EXERCISE OBJECTIVE:
I need the lines from the one holding "Order the Here's" to the last line of the data below repeated exactly, both included, without pictures.

———

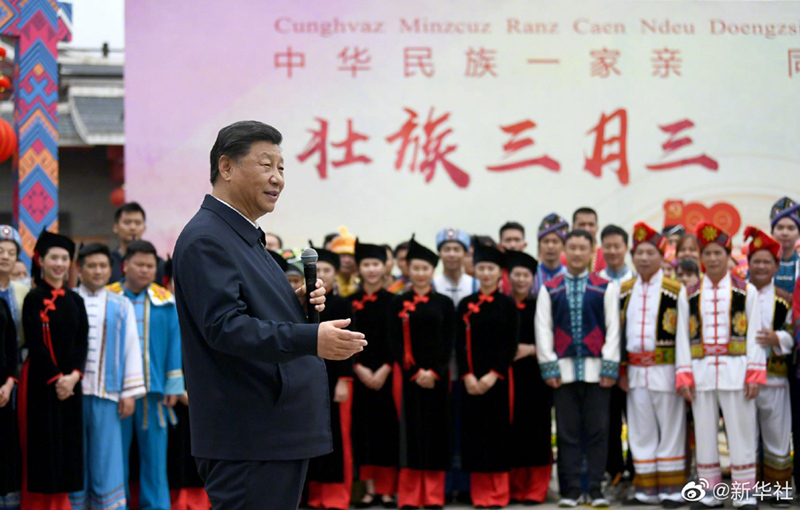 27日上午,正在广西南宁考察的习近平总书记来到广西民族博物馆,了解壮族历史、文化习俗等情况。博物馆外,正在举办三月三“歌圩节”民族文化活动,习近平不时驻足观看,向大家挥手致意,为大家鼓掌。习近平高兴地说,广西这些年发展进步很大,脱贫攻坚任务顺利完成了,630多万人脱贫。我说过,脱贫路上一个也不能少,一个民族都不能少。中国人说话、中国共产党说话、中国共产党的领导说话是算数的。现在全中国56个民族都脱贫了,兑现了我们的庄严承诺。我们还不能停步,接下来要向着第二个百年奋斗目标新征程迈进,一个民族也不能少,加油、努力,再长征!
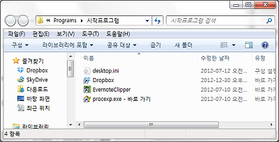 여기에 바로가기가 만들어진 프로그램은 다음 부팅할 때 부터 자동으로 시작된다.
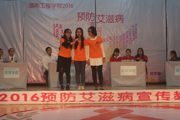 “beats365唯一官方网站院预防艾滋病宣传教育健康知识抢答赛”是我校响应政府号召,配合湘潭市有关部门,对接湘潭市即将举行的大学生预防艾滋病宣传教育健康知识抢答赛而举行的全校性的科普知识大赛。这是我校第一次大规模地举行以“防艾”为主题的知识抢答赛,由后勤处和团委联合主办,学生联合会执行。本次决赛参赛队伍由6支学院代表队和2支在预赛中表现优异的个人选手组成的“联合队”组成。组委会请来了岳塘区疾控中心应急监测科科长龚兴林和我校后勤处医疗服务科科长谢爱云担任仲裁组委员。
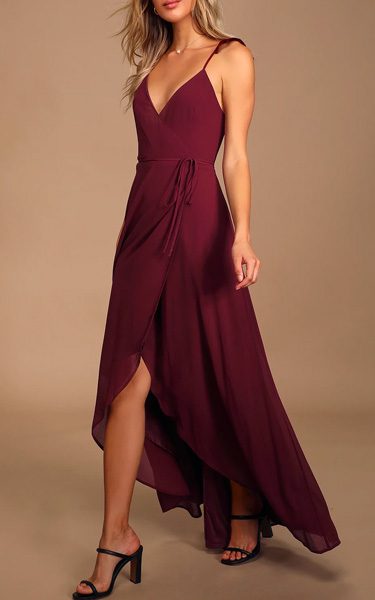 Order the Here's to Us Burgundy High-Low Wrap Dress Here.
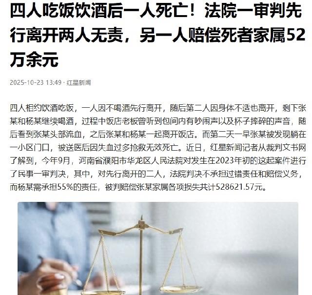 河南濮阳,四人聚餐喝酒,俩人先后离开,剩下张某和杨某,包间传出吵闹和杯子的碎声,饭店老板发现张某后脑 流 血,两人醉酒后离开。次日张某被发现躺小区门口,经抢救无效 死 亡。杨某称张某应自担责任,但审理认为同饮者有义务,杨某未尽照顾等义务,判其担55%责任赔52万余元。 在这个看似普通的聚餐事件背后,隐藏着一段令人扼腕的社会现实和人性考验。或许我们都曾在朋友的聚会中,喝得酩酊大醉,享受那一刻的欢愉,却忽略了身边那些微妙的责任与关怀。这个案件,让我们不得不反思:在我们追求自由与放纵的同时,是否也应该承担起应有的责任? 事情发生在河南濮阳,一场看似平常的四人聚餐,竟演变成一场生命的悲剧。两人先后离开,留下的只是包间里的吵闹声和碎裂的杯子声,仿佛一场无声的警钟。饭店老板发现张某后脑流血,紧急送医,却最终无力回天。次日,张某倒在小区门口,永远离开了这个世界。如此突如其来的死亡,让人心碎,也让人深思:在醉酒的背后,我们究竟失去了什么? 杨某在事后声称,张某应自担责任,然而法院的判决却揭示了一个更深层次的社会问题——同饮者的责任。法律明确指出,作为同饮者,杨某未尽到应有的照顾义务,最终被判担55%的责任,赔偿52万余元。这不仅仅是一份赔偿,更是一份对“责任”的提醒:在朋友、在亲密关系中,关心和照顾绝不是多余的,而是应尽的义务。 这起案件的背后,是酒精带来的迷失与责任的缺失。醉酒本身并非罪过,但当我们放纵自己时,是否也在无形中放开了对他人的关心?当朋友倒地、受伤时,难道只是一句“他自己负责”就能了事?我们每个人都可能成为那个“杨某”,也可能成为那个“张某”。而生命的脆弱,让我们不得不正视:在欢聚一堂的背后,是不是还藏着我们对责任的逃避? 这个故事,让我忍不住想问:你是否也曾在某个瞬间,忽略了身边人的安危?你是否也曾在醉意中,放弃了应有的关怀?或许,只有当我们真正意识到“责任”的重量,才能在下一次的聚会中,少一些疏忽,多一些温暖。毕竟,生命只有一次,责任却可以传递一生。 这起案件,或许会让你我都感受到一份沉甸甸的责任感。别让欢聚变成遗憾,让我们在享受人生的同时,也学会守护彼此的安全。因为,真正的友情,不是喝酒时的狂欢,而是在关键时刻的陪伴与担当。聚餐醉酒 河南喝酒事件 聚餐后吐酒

———

YOUR RESPONSE:
 Order the Here's to Us Burgundy High-Low Wrap Dress Here.
 河南濮阳,四人聚餐喝酒,俩人先后离开,剩下张某和杨某,包间传出吵闹和杯子的碎声,饭店老板发现张某后脑 流 血,两人醉酒后离开。次日张某被发现躺小区门口,经抢救无效 死 亡。杨某称张某应自担责任,但审理认为同饮者有义务,杨某未尽照顾等义务,判其担55%责任赔52万余元。 在这个看似普通的聚餐事件背后,隐藏着一段令人扼腕的社会现实和人性考验。或许我们都曾在朋友的聚会中,喝得酩酊大醉,享受那一刻的欢愉,却忽略了身边那些微妙的责任与关怀。这个案件,让我们不得不反思:在我们追求自由与放纵的同时,是否也应该承担起应有的责任? 事情发生在河南濮阳,一场看似平常的四人聚餐,竟演变成一场生命的悲剧。两人先后离开,留下的只是包间里的吵闹声和碎裂的杯子声,仿佛一场无声的警钟。饭店老板发现张某后脑流血,紧急送医,却最终无力回天。次日,张某倒在小区门口,永远离开了这个世界。如此突如其来的死亡,让人心碎,也让人深思:在醉酒的背后,我们究竟失去了什么? 杨某在事后声称,张某应自担责任,然而法院的判决却揭示了一个更深层次的社会问题——同饮者的责任。法律明确指出,作为同饮者,杨某未尽到应有的照顾义务,最终被判担55%的责任,赔偿52万余元。这不仅仅是一份赔偿,更是一份对“责任”的提醒:在朋友、在亲密关系中,关心和照顾绝不是多余的,而是应尽的义务。 这起案件的背后,是酒精带来的迷失与责任的缺失。醉酒本身并非罪过,但当我们放纵自己时,是否也在无形中放开了对他人的关心?当朋友倒地、受伤时,难道只是一句“他自己负责”就能了事?我们每个人都可能成为那个“杨某”,也可能成为那个“张某”。而生命的脆弱,让我们不得不正视:在欢聚一堂的背后,是不是还藏着我们对责任的逃避? 这个故事,让我忍不住想问:你是否也曾在某个瞬间,忽略了身边人的安危?你是否也曾在醉意中,放弃了应有的关怀?或许,只有当我们真正意识到“责任”的重量,才能在下一次的聚会中,少一些疏忽,多一些温暖。毕竟,生命只有一次,责任却可以传递一生。 这起案件,或许会让你我都感受到一份沉甸甸的责任感。别让欢聚变成遗憾,让我们在享受人生的同时,也学会守护彼此的安全。因为,真正的友情,不是喝酒时的狂欢,而是在关键时刻的陪伴与担当。聚餐醉酒 河南喝酒事件 聚餐后吐酒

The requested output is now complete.